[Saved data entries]
+-------+

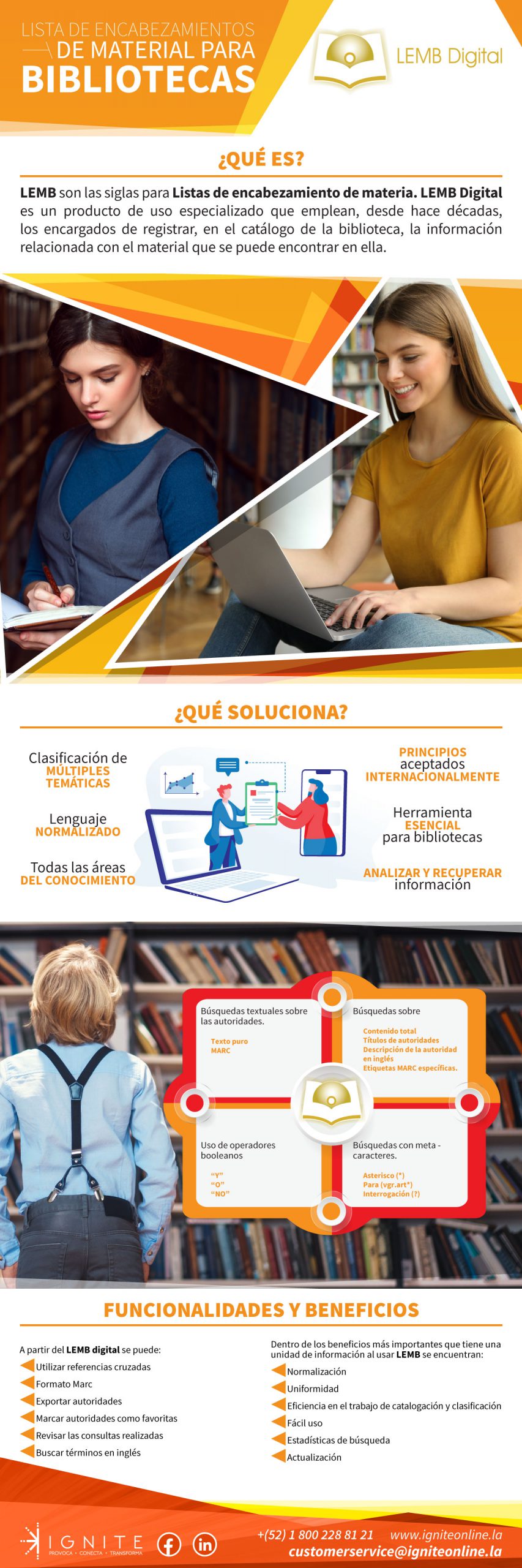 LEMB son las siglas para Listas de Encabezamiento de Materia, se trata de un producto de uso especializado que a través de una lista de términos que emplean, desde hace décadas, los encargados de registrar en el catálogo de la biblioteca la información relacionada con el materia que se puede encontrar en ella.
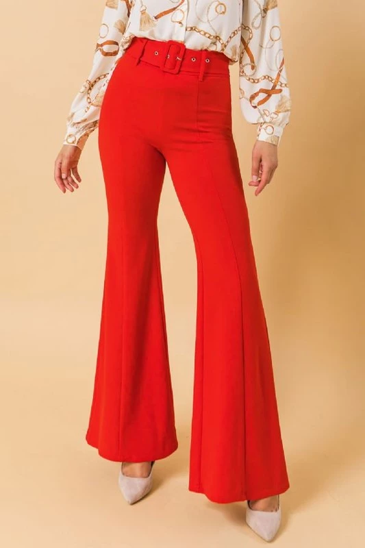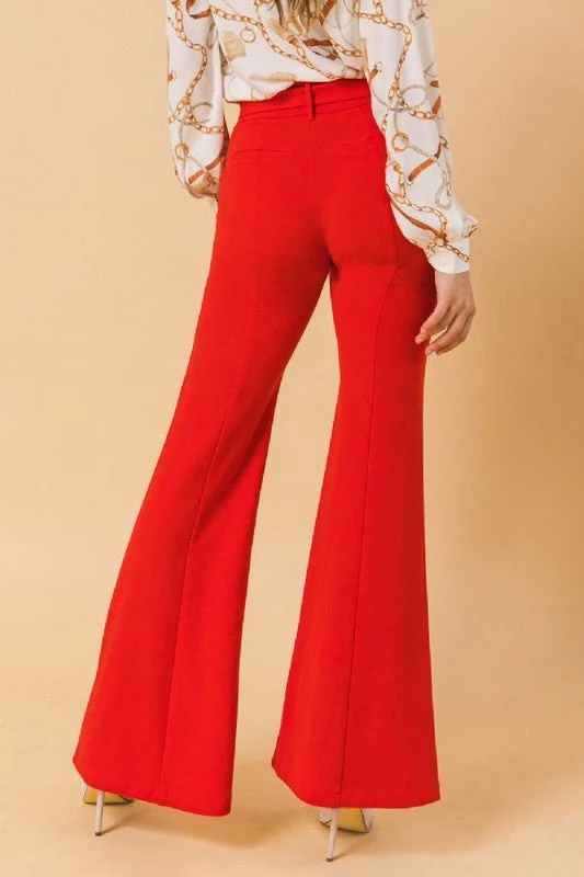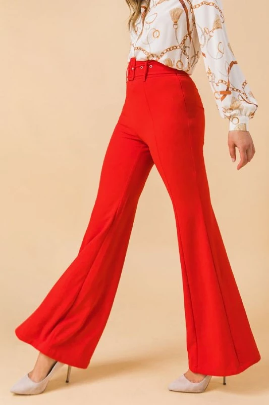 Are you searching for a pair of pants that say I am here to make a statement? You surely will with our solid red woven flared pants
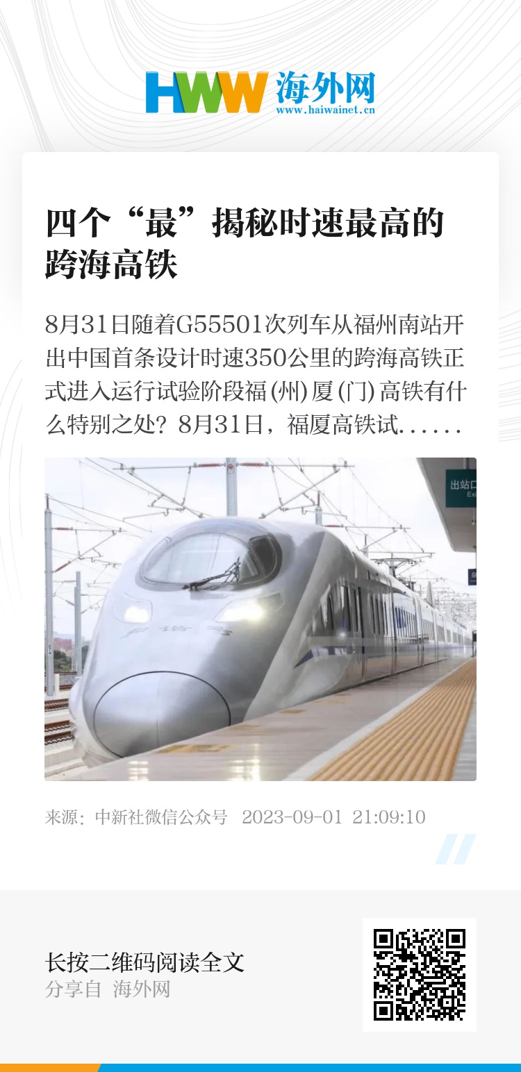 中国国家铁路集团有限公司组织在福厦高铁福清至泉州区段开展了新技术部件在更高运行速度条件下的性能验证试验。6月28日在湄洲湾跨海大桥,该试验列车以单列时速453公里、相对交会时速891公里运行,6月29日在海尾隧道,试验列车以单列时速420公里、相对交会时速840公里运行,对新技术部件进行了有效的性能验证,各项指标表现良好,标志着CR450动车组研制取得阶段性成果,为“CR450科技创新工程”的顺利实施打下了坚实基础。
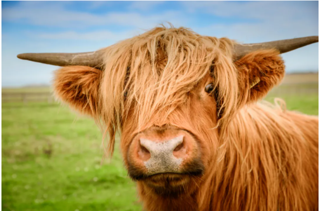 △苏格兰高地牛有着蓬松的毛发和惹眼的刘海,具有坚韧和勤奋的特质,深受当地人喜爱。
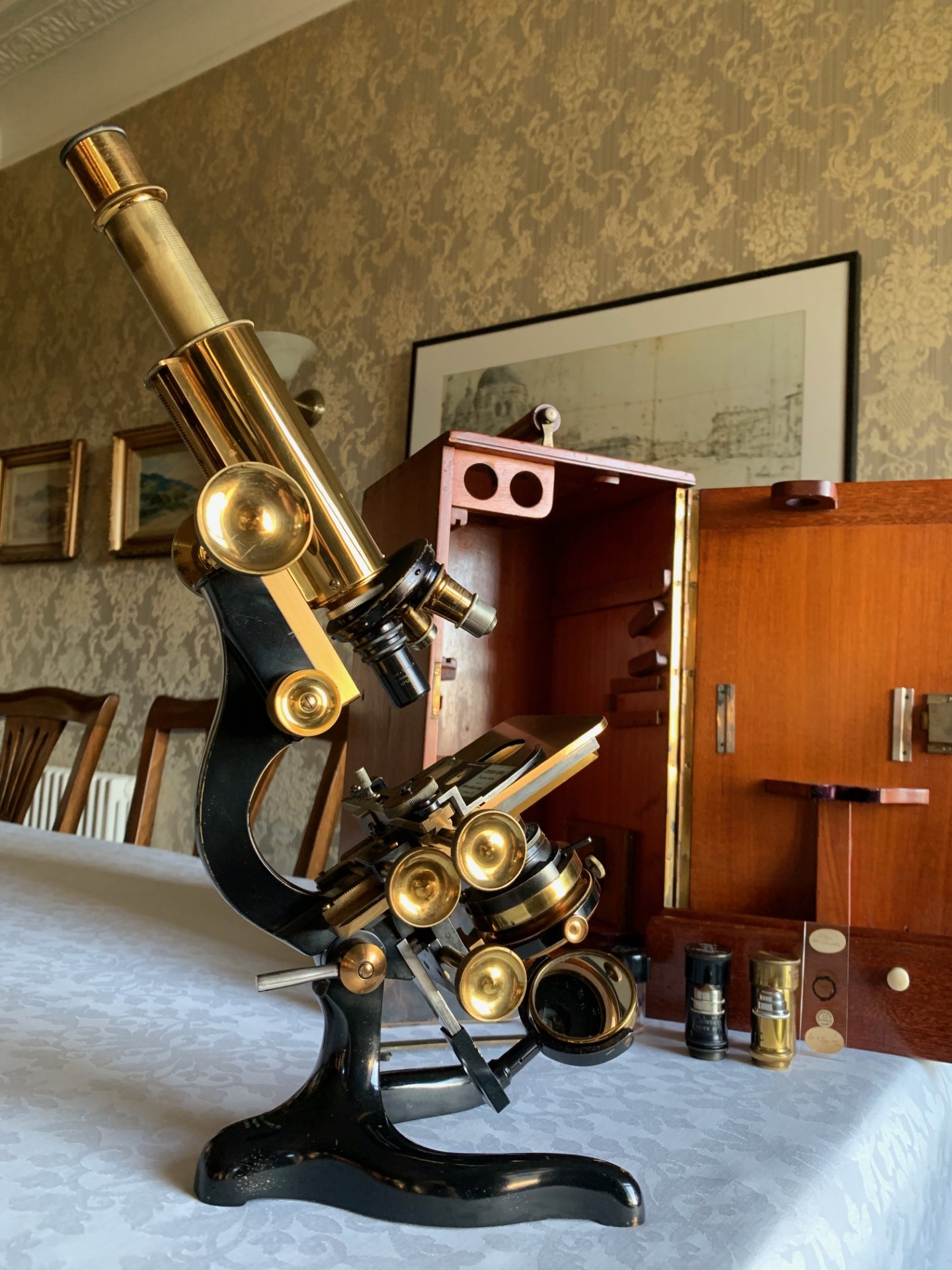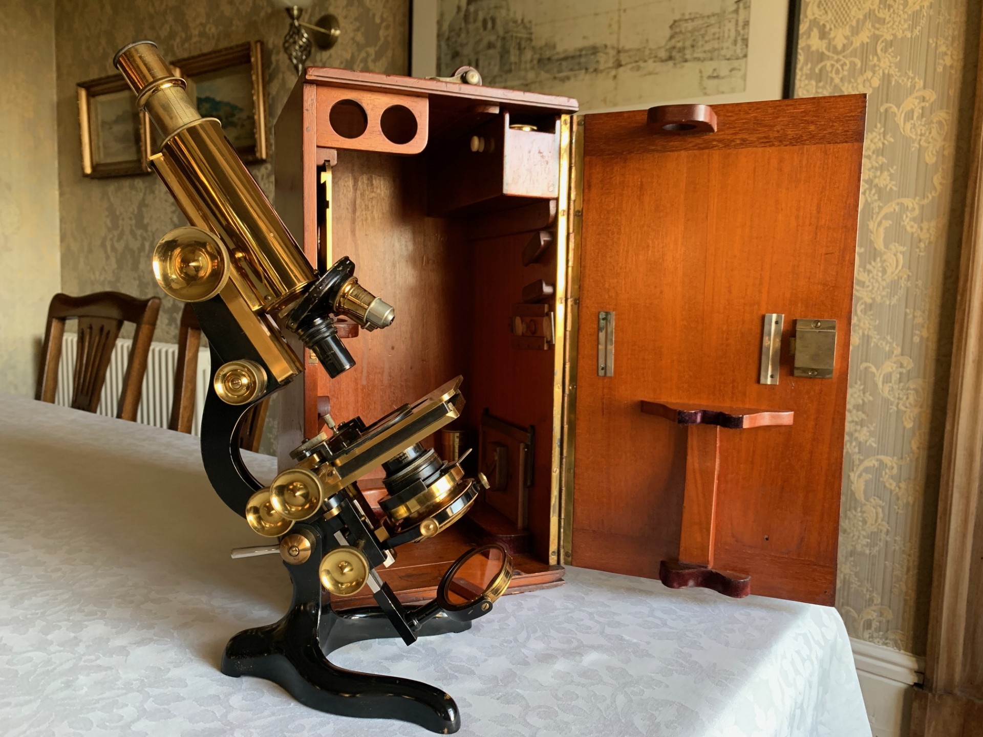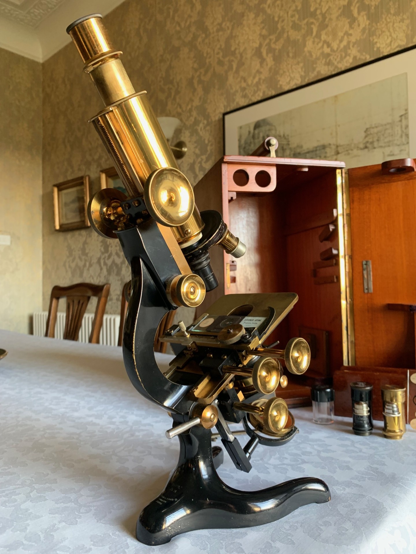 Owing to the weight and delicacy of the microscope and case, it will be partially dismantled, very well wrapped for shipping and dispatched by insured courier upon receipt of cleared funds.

+-------+

Without the pictures, give all the records above again exactly.

> _SOLUTION TO THIS TASK_:
 LEMB son las siglas para Listas de Encabezamiento de Materia, se trata de un producto de uso especializado que a través de una lista de términos que emplean, desde hace décadas, los encargados de registrar en el catálogo de la biblioteca la información relacionada con el materia que se puede encontrar en ella.
 Are you searching for a pair of pants that say I am here to make a statement? You surely will with our solid red woven flared pants
 中国国家铁路集团有限公司组织在福厦高铁福清至泉州区段开展了新技术部件在更高运行速度条件下的性能验证试验。6月28日在湄洲湾跨海大桥,该试验列车以单列时速453公里、相对交会时速891公里运行,6月29日在海尾隧道,试验列车以单列时速420公里、相对交会时速840公里运行,对新技术部件进行了有效的性能验证,各项指标表现良好,标志着CR450动车组研制取得阶段性成果,为“CR450科技创新工程”的顺利实施打下了坚实基础。
 △苏格兰高地牛有着蓬松的毛发和惹眼的刘海,具有坚韧和勤奋的特质,深受当地人喜爱。
 Owing to the weight and delicacy of the microscope and case, it will be partially dismantled, very well wrapped for shipping and dispatched by insured courier upon receipt of cleared funds.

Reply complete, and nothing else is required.